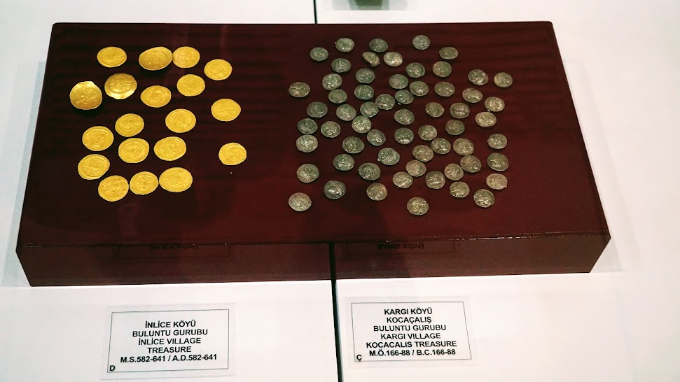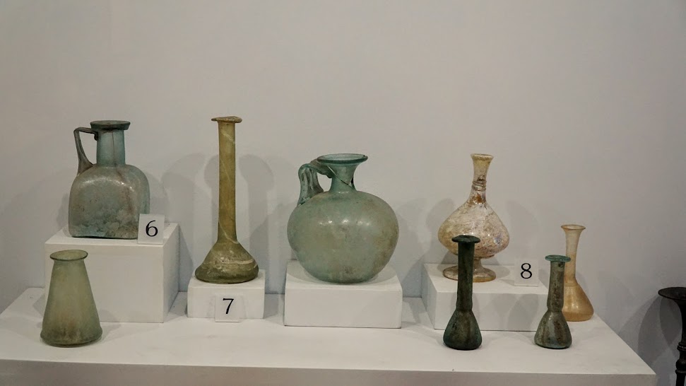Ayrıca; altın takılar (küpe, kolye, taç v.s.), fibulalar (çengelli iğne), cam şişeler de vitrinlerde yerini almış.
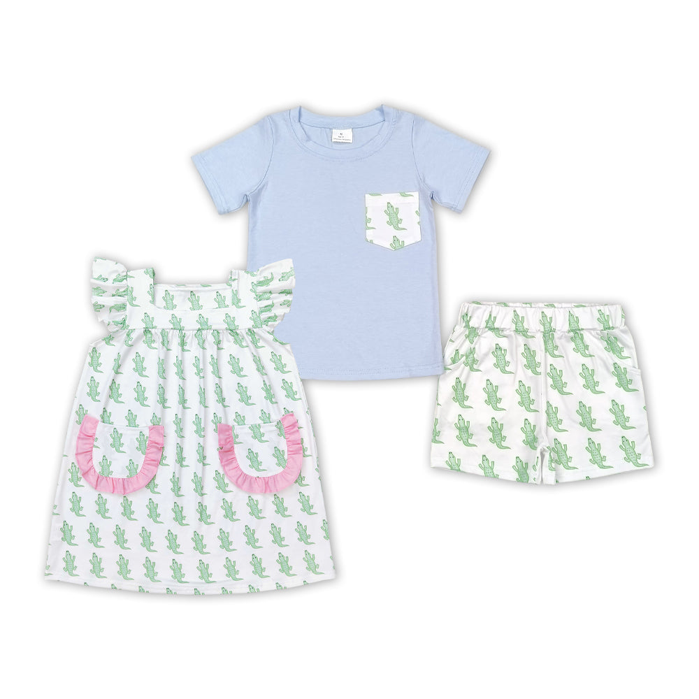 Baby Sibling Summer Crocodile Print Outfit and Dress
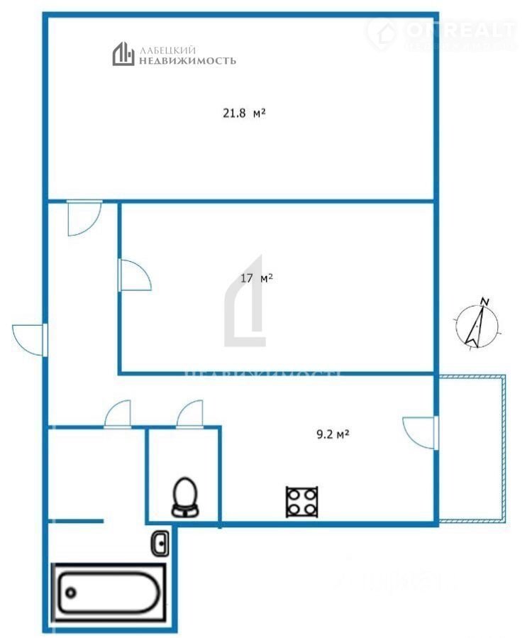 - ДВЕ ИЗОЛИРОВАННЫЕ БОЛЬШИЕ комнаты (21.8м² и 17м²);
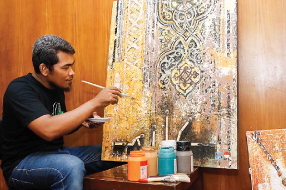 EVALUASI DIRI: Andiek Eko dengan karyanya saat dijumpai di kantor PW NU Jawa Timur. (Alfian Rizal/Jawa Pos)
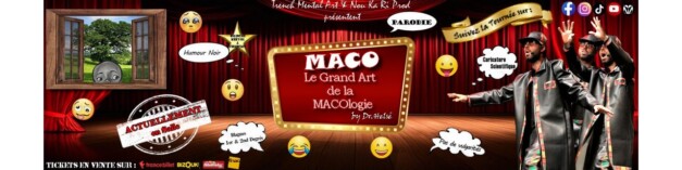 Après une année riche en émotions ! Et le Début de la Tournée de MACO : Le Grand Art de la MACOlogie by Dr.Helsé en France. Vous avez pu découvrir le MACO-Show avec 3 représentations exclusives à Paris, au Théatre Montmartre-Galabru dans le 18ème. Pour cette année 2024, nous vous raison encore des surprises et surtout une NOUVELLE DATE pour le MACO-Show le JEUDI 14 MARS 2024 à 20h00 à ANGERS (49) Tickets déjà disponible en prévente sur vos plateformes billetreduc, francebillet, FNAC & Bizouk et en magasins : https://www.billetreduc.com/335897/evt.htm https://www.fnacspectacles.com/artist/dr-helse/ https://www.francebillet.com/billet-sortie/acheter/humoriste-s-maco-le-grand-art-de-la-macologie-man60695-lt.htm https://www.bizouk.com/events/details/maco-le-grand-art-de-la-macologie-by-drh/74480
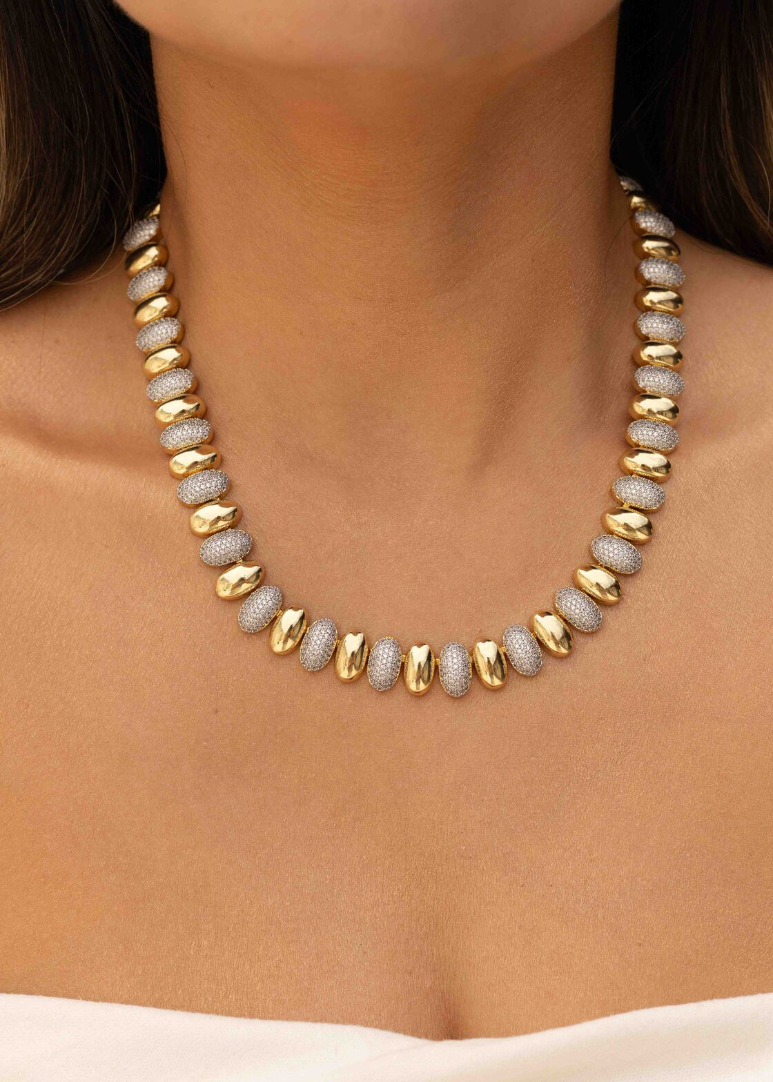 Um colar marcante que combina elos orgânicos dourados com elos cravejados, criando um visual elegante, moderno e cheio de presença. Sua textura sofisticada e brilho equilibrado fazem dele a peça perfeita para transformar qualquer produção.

● ● ● ● ● ● ●

■ WORK ITEM: Give back exactly the lines above that run from the one with "- ДВЕ ИЗОЛИРОВ" to the one with "EVALUASI DIRI: Andiek", including both, with the pictures left out.

■ RESPONSE AREA:
 - ДВЕ ИЗОЛИРОВАННЫЕ БОЛЬШИЕ комнаты (21.8м² и 17м²);
 EVALUASI DIRI: Andiek Eko dengan karyanya saat dijumpai di kantor PW NU Jawa Timur. (Alfian Rizal/Jawa Pos)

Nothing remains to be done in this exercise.